Your pretty smart on this stuff. Yep allocation is going to be the biggest issue but we will take a much smaller % if we are able to inter-sector trade, and have our on sector. Actually if the recreational side could come together on this you guys would probably have more % of the fish than you have now. Win, Win. You see we want our on Sector pretty bad.

Current lease rate is about $3.25 per pound, we would have to set up a pool of fish which could be leased, and It would have to be fair so a corporate boat owner just would not lease up all the quota or a commercial/charter guy that already had 10000 pounds would not have an unfair advantage over me that has none. So if any commercial side quota is used is MUST be used equally and fairly between all charter boats no matter if its leased or already allocated to the business as commercial. Its all be talked about and it can work under some short of shareholders alliance or something of that nature.
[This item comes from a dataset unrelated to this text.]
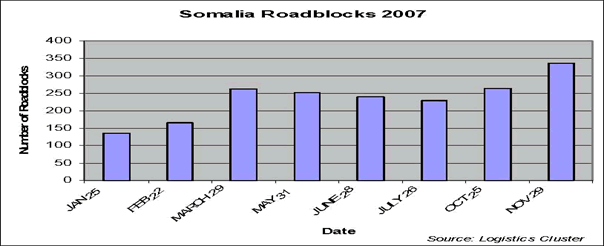 Ethiopian forces drove the Islamic Courts out of power in December 2006 and South Central Somalia regained its lawlessness. According to Swiss Peace, six months after the Islamic Courts was defeated 238 roadblocks appeared in South Central Somalia alone and after one year that number reached almost 340. The United Nations Office for the Coordination of Humanitarian Affairs (OCHA) noted in Dec 2007, “Ad hoc roadblocks that charge taxes ranging from US$70 – US$500 to move in and out of Mogadishu have caused huge hindrances to the humanitarian community in accessing vulnerable people. In November, Non-Governmental Organisations (NGOs) reported delays and payment of taxes of up to US$ 475 at eight roadblocks on the Mogadhishu/Afgooye road – a major area of humanitarian operations. The highest number of roadblocks since the beginning of 2007 – 336 in total – was recorded in November.” OCHA produced the following chart which shows the increase of roadblocks in Somalia in 2007.

The thing is, is that fish markets want no part of this and most commercial guys want no part of this. Lease rate may $3.25 but they get over $4 at the market. The charter guys will stand tall and not pay a dime over market price thru the share holders alliance . Well you get the idea, lots and lots of details to work out to make it all fair for every one. But the commercial guys do want us to have our on Sector so Im sure they will be willing to help but probably no more than %25 of there TAC probably less.

Anyhow something like this could work for us, mean while you guys could decide how your new fish management plan would work with your extra % of fish that we have given up.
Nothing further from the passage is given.